Scarlet slowed as she approached the single white marble headstone just a few yards before her. Unlike the other headstones in the cemetery, this one hadn’t tarnished yet. She was relieved to find it in such good condition because she hadn’t seen it since before the holidays. The truth was, Scarlet was one of those nonvisitors until recently. Until she’d spent the entire fall raising money for this headstone for Charlotte.
It was even more beautiful than when she’d ordered it, she thought, bending slightly to run her hand across the engraving of Charlotte’s name and legend. She stood upright again, eye-to-eye with the sculpted portrait she’d commissioned to sit atop the stone. It was an ethereal image of Charlotte that Scarlet had designed—eyes gazing thoughtfully, lips smiling slightly, long hair flowing.
It was only fitting, she thought, that Charlotte be memorialized in this way. Pictures in the school lobby and yearbook, classroom tributes by ghost-hunter-obsessed teachers were not permanent enough to commemorate Charlotte, Scarlet remembered thinking at the time. It was the least she could do, since Charlotte never really had a proper funeral, given her whole family—or lack thereof—situation.
Damen was so proud of Scarlet for doing it, and she even drummed up a lot of unexpected support from the student body, comprised mostly of students who wouldn’t have known Charlotte if they’d tripped over her. Even Petula made a small personal donation, which was very unlike her, but much appreciated, given her massive popularity. The Wendys, her sister’s two-faced toadies, were the last to contribute, and they made a single donation in both their names, which was both obnoxious and fitting. Scarlet figured they were afraid of being haunted and ponied up as a sort of investment in their shared peace of mind.
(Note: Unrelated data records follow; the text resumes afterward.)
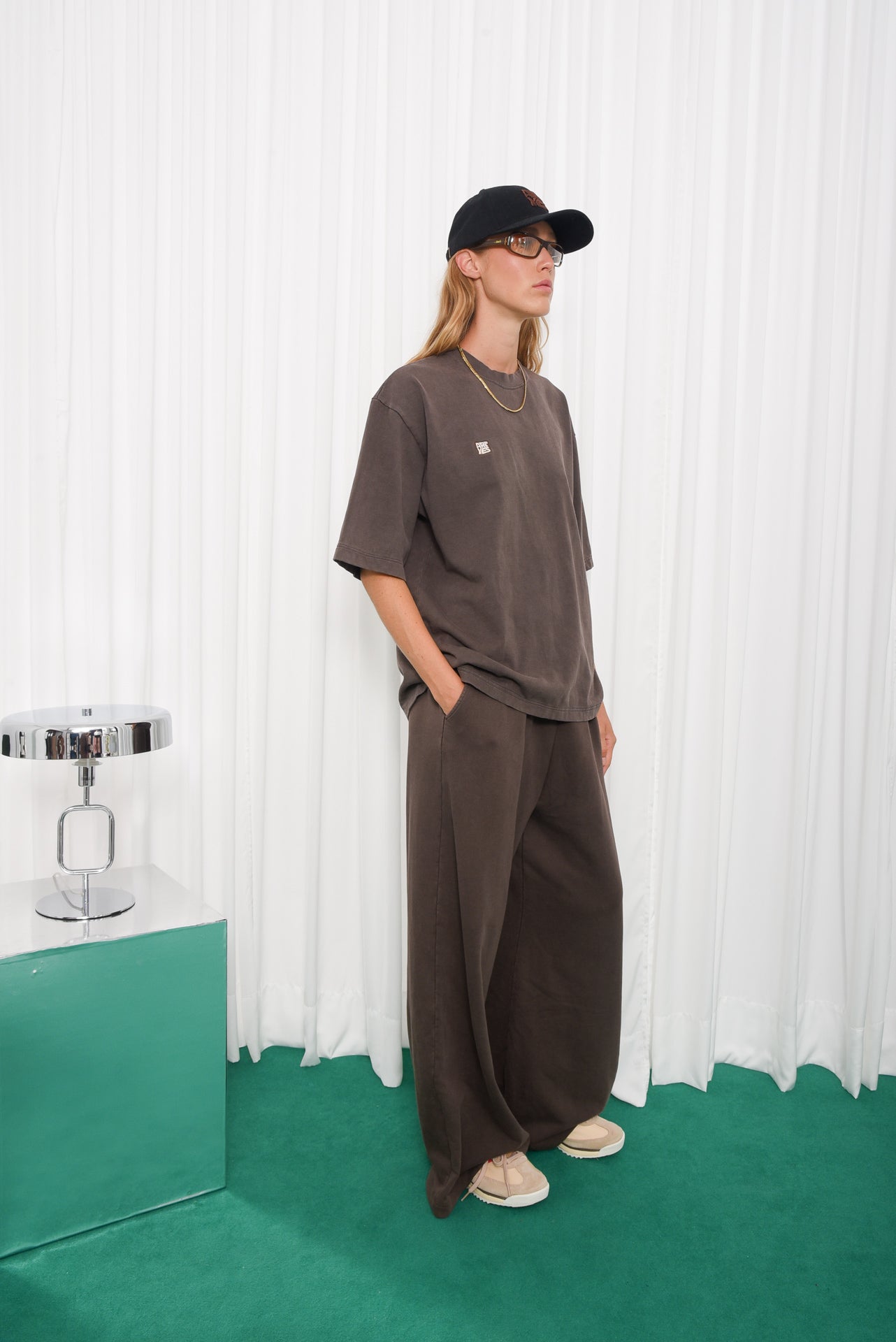The Unique Pants are relaxed, full-length trousers made from soft cotton. They feature an elastic waistband for a comfortable fit, wide legs for an effortless drape, and side pockets for practicality. Finished with a vintage-style garment wash that adds texture and depth to the color. Perfect for elevated comfort every day.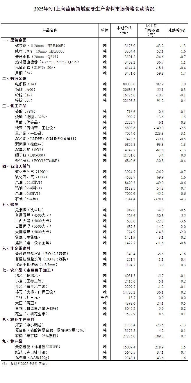 據對全國流通領域9大類50種重要生產資料市場價格的監(jiān)測顯示,2025年9月上旬與8月下旬相比,8種產品價格上漲,40種下降,2種持平。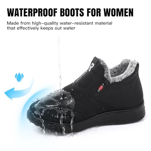 • Water Resistant Boots: The upper of the snow boots is made of water resistant, keeping their feet dry in wet and snowy conditions. Winter boots are lightweight, making it easy for you to work everyday. Flat women snow shoes, lightweight winter shoes, woman slip on trendy boots, resistant boots woman, slip on comfy booties.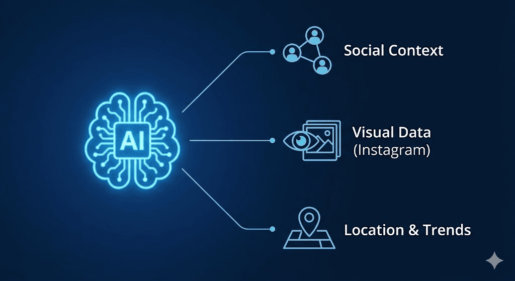 여기에 친구 관계, 활동 지역 같은 사회적 맥락(Context) 데이터가 더해집니다.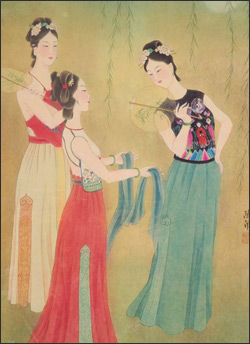 以“凤”纹来作为名门闺秀的化身,是内衣装饰语汇中的常用手法,肚兜上命官与两妻妾的对称左右,是权贵家族的形象体现,绣法上用晕色工艺,色彩繁纷并层次丰厚。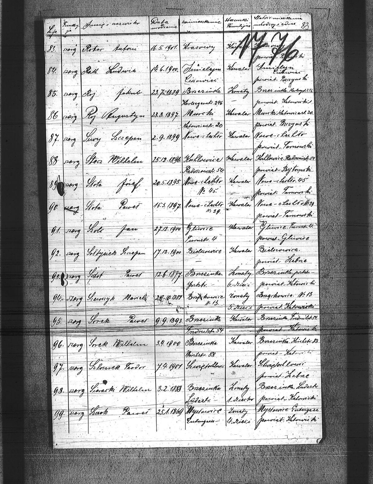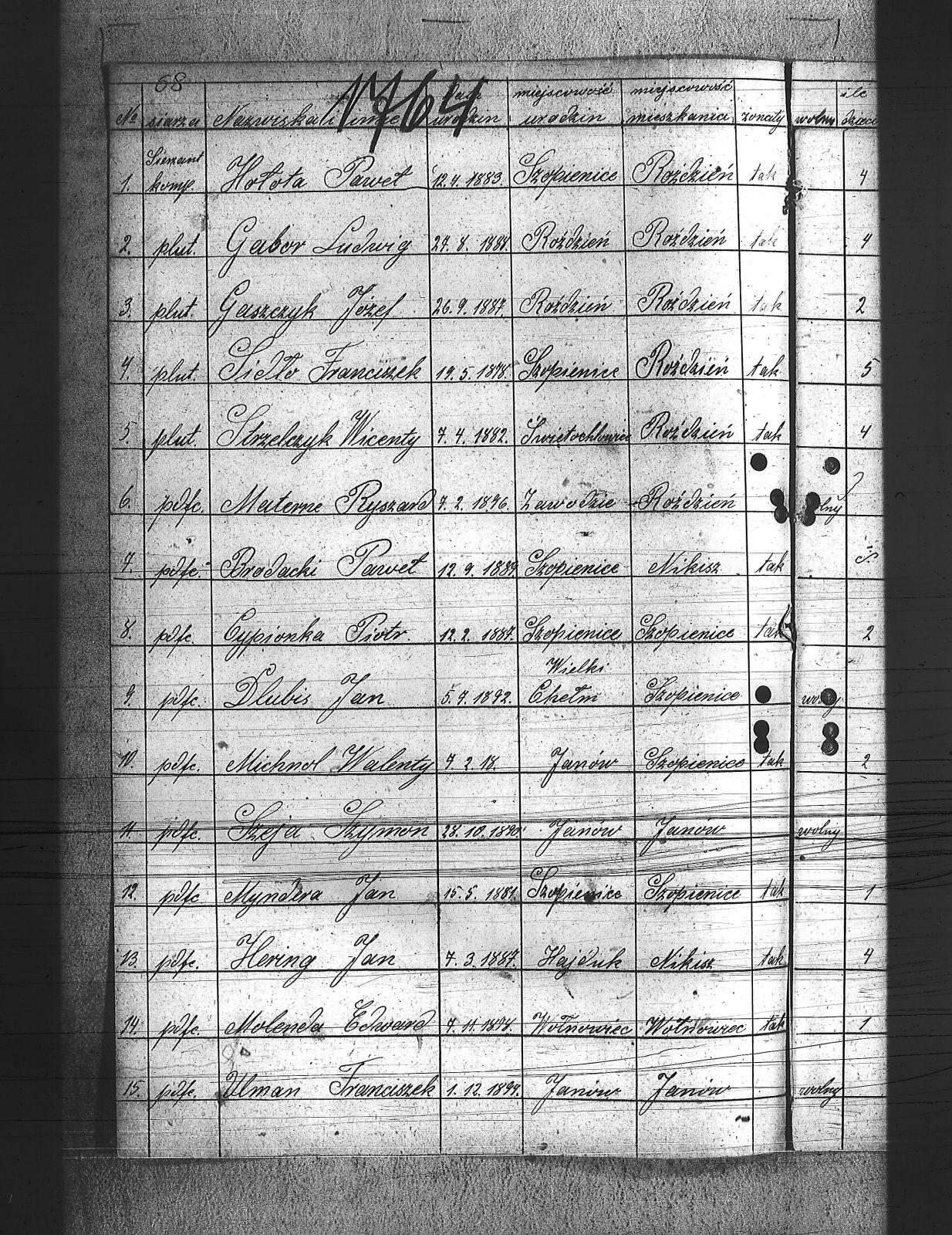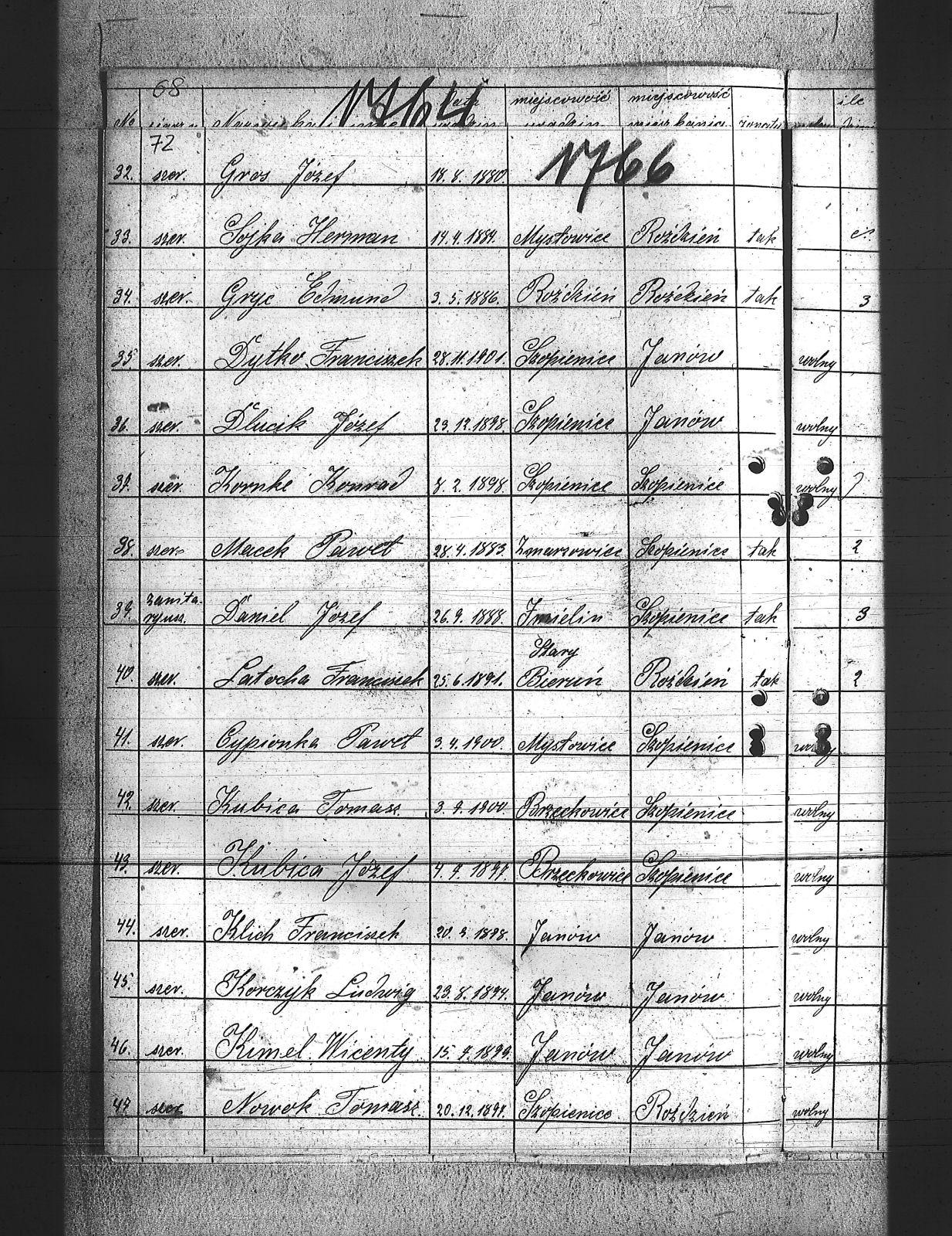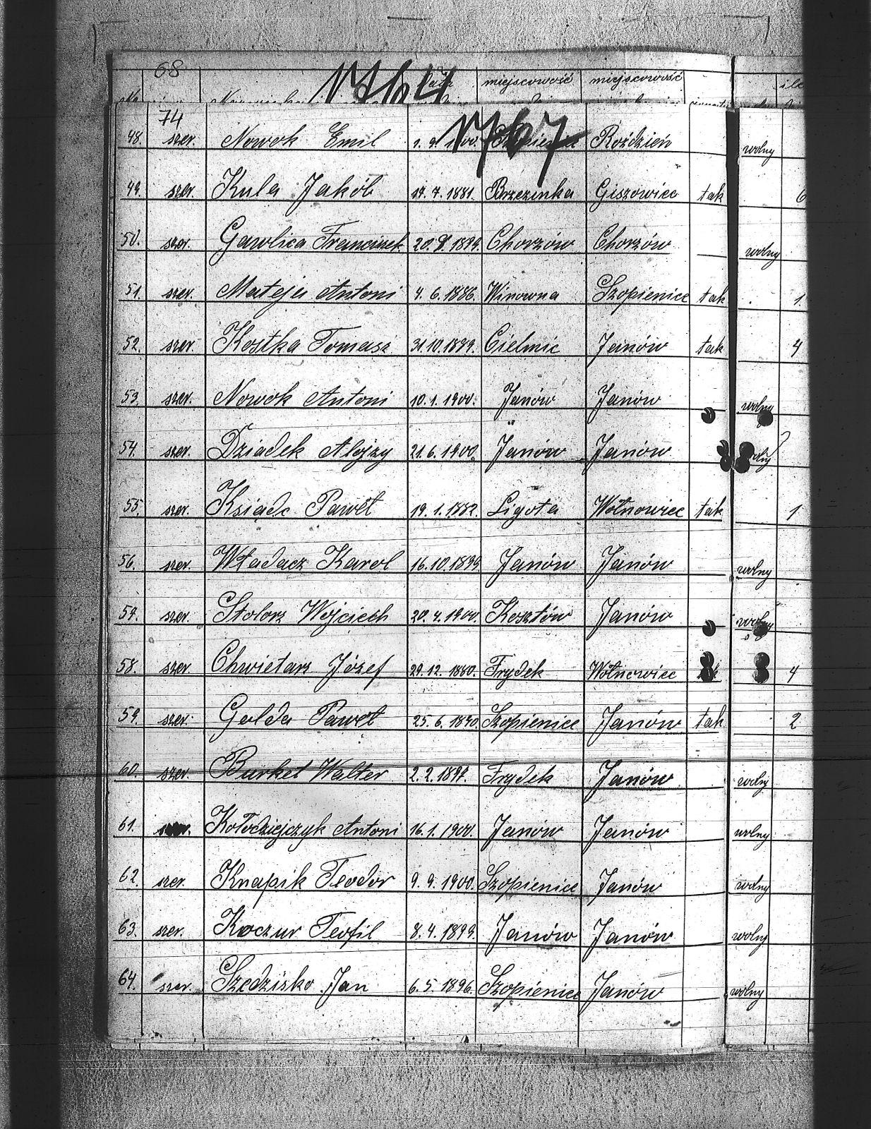 Beczata, Franciszek; Brodacki, Paweł; Burket, Wiktor; Cecheliusz, Rudolf; Chmielewski, Wiktor; Chwietarz, Józef; Cypionka, Paweł; Cypionka, Piotr; Czernecki, Teodor; Czerny, Józef; Czop, Robert; Daniel, Józef; Dlubis, Jan; Dłucik, Józef; Domogała, Józef; Dreszcz, Konrad; Dudek, Józef; Dyga, Jan; Dytko, Franciszek; Dytko, Michał; Dziadek, Alojzy; Ficek, Jan; Gabor, Józef; Gabor, Ludwig; Gaszczyk, Józef; Gawlica, Franciszek; Gil, Jan; Glyd, Stanisław; Gotawski, Franciszek; Grabelus, Alojzy; Gros, Józef; Grudniok, Piotr; Gruszka, Paweł; Gryc, Edmund; Gulda, Paweł; Gwóźdź, Franciszek; Hahuta, Wilem; Han, Robert; Hering, Jan; Hołota, Franciszek; Hołota, Paweł; Hołota, Wiktor; Howaniec, Władysław; Hytrek, Piotr; Jarek, Paweł; Kalinka, Karol; Kawa, Wilem; Kędziorczyk, Augustyn; Kimel, Wincenty; Klich, Franciszek; Kliś, Felise; Knapik, Alex; Knapik, Teodor; Koczur, Teofil; Koczy, Franciszek; Kołodziej, Emanuel; Kołodziej, Wilem; Kołodziejczyk, Antoni; Korczyk, Jan; Korczyk, Ludwig; Koruki, Konrad; Kostka, Tomasz; Kowolik, Franciszek; Ksiądz, Paweł; Kubica, Józef; Kubica, Tomasz; Kula, Jakób; Laby, Jan; Latocha, Franciszek; Maślorz, Clemens; Mateja, Antoni; Mateja, Jan; Materna, Ryszard; Michnol, Teodor; Michnol, Walenty; Molenda, Edward; Mozler, Florjan; Mucek, Paweł; Musioł, Paweł; Mutki, Karol; Myndera, Jan; Niederlański, Władysław; Nowok, Antoni; Nowok, Emil; Nowok, Tomasz; Paljon, Piotr; Paluch, Emanuel; Piątek, Franciszek; Piguła, Franciszek; Pyka, Jerzy; Pyptac, Piotr; Rak, Ludwig; Renkosz, Wilem; Roj, Augustyn; Roj, Jakub; Roter, Antoni; Rzerzucha, Piotr; Siedlacek, Józef; Sieracki, Wilhelm; Sikora, Jan; Siodło, Franciszek; Sitko, Augustyn; Siwy, Szczepan; Słota, Józef; Słota, Paweł; Sojka, Herman; Sojka, Walenty; Sołtysiek, Szczepan; Sorek, Paweł; Sorek, Wilhelm; Stachoń, Augusty; Stecz, Wilhelm; Stolorz, Wojciech; Strzelczyk, Wincenty; Szczok, Konrad; Szczok, Paweł; Szdot, Paweł; Szedzisko, Jan; Szeja, Szymon; Szewczyk, Marek; Szlosarek, Teodor; Szpis, Paweł; Szulc, Jan; Targiel, Tomasz; Tuszinski, Ludwig; Uliczka, Józef; Ulman, Franciszek; Waluś, Józef; Waruus, Ludwik; Warwas, Tomasz; Wesołek, Józef; Wesołek, Karol; Węgrzyn, Jan; Wileczek, Wojciech; Władacz, Karol; Wojtaszczyk, Wiktor; Wojtyczka, Augustyn; Wowro, Augusty; Wrona, Stanisław; Wybraniec, Paweł; Zagracki, Franciszek; Zając, Józef; Zając, Szczepan; Zięba, Jan; |

Scarlet concentrated on the carving for a long while, trying to determine how much it actually resembled Charlotte. She ran her hand gently and deliberately along the chiseled curves of Charlotte’s cheek, her brow, her nose, her lips—features she literally knew like the back of her own hand. She wondered what Charlotte would think of the tribute.
Charlotte’s life really had been short, and she was going to miss all the changes that, for better or worse, are a part of growing up and growing old. It occurred to Scarlet for the first time since she’d visited Charlotte on the afterlife intern campus that this might be the only place she’d ever see Charlotte again.
It seemed as good a place as any to leave Charlotte, well, mail, Scarlet thought, pulling a damp, sealed white no. 10 envelope from her bag. A stamp seemed unnecessary. She was pretty sure that Charlotte was one place the post office wouldn’t deliver. Instead, she put it in a plastic bag and tied the bag tightly to one of the thorny rose stems. Good enough.
She raised the heart-shaped arrangement, framing Charlotte lovingly in the center of it, gently draped the wreath around her swanlike neck, and stepped back to admire the beauty of both. Scarlet bent down, as if to pray, but instead pressed her hand down, leaving her handprint in the moist soil.
“I hope you’re okay,” she whispered sincerely, then got up and plodded away.